Scratch

Working with Intermediate Data in Code Ocean

The /scratch folder is a dedicated folder mounted to the Capsule that ensures large intermediate data can be easily used in Code Ocean. It functions differently during Cloud Workstation sessions versus Reproducible Runs. In both cases, the /scratch folder is mounted EFS storage that is practically unlimited in size.

When launching a Cloud Workstation, working with a large volume of data can significantly affect the performance of the Capsule. Disk space is limited and copying large volumes of data back and forth between the Cloud Workstation and Capsule is time-consuming and not recommended.

Cloud Workstation Scratch

For Cloud Workstation (CW) sessions the /scratch folder is a mounted drive whose contents will persist throughout the lifetime of the Capsule. Files written to scratch during a CW session will be visible in the capsule IDE after the session is shutdown and will be available in all subsequent sessions unless deleted by the user. These files will not be available during a Reproducible Run.
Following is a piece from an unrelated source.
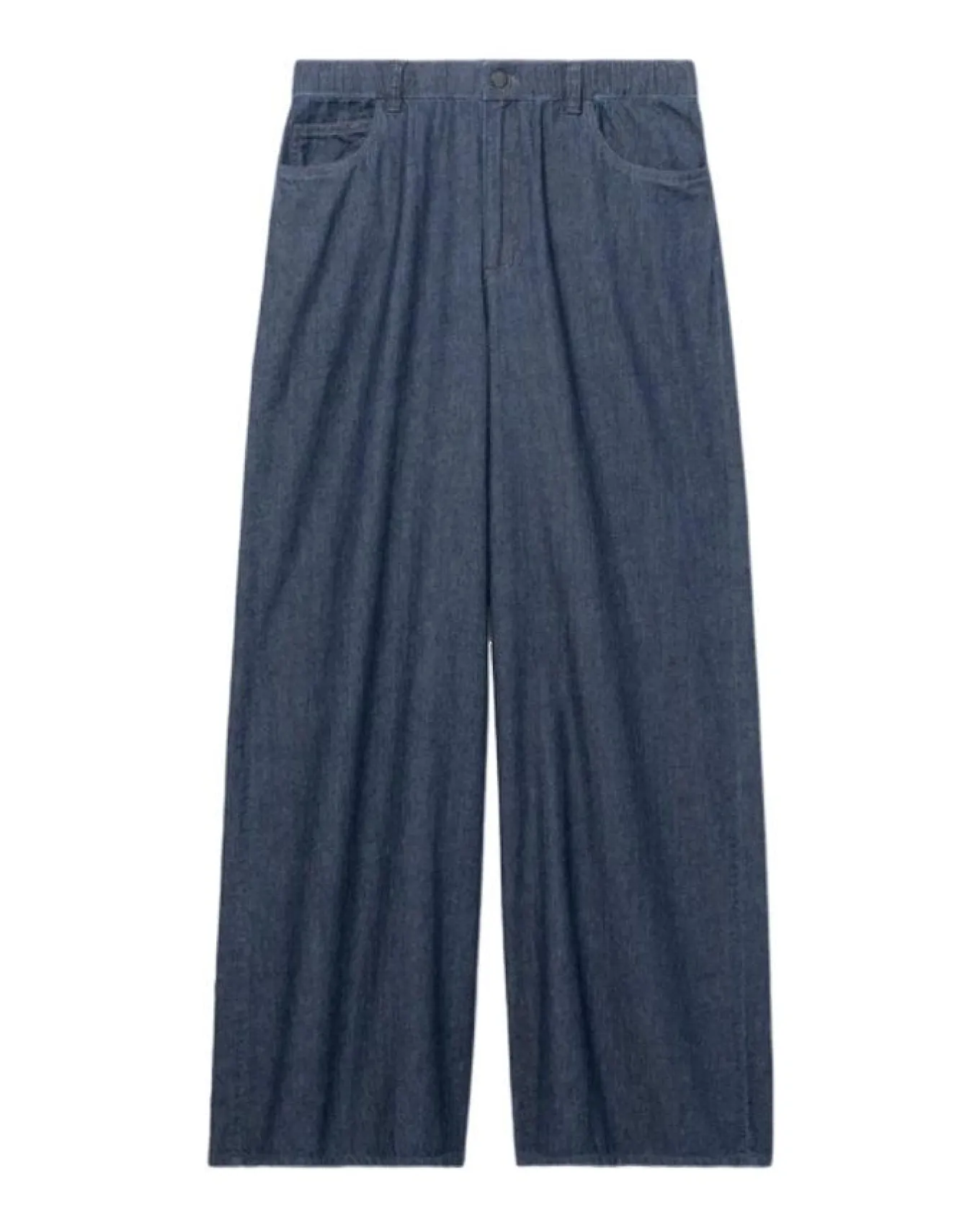 Eileen Fisher relaxed cotton twill wide leg pants are slim through the hips, wider through the leg, 1 1/2″ elastic waistband with button and zip closure, 5-pocket styling, Size S – Rise 11″, Inseam 30″, Leg Opening 13″.

The /scratch folder is a convenient location to store large data before creating a Data Asset from either the Capsule IDE or during a CW session.
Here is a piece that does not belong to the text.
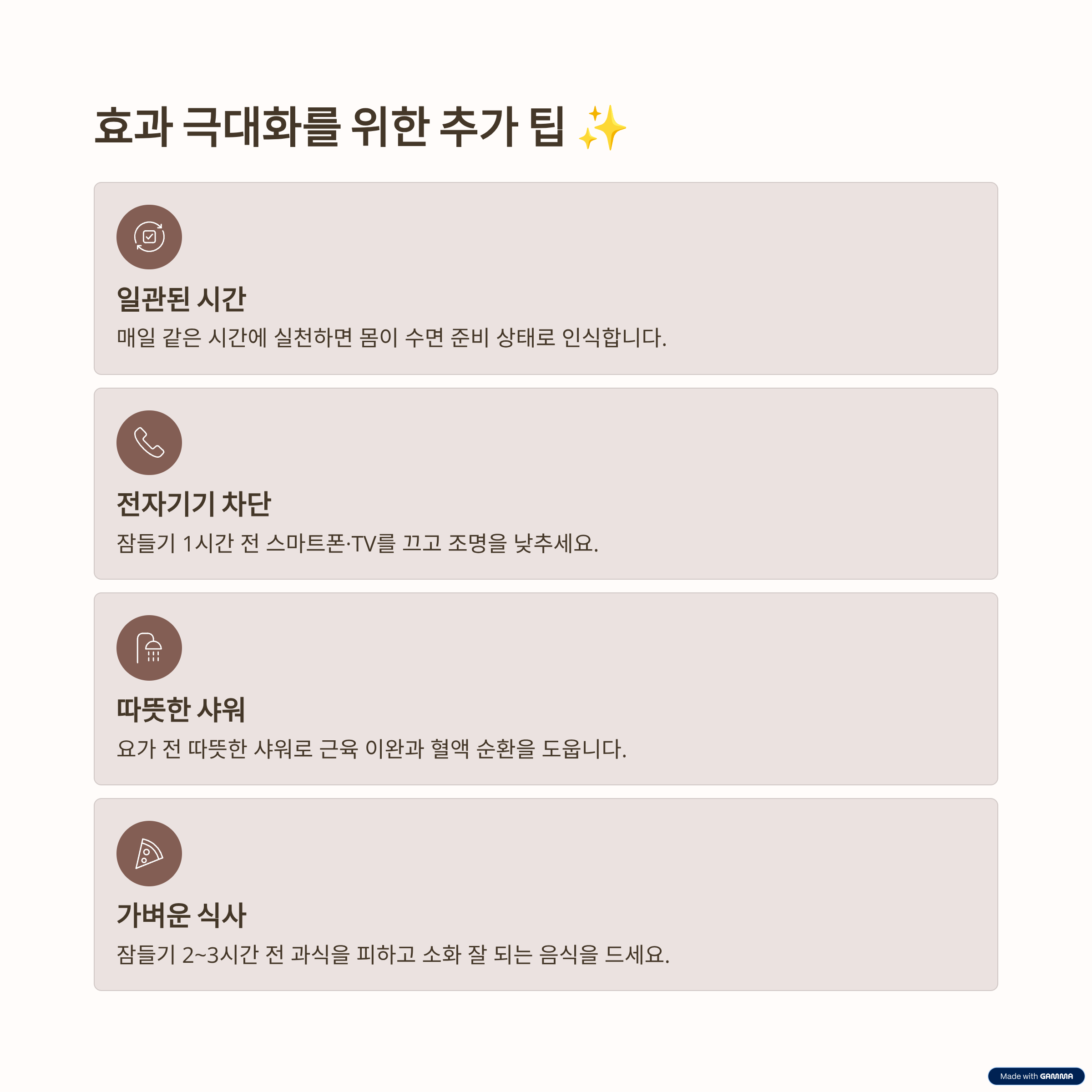 3. 꾸준한 실천과 함께 편안한 환경 조성이 숙면의 핵심입니다.

It is best practice to delete files from scratch that are no longer needed to avoid taking up unnecessary storage. Should the Capsule be deleted, the /scratch folder will be deleted as well.
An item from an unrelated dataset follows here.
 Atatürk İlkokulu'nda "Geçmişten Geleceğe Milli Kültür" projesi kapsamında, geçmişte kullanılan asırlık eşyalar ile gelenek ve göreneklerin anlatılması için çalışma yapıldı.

The Reproducible Run scratch is not the same folder as Cloud Workstation scratch. The Reproducible Run scratch is emptied before the end of each run, the content will not be visible in the Capsule IDE.

Reproducible Run Scratch

For Reproducible Runs the /scratch folder functions as a temporary folder that is empty at the start of the run and will be emptied at the end of the run. The Capsule workspace (i.e. the core files excluding Data Assets) is limited to 5GB and therefore a Reproducible Run will fail if this limit is exceeded by creating new files during the run. The scratch folder can be used during a run to safely create files or work with intermediate data of any size. Since the folder is emptied before the end of each run any results must be moved to the results folder.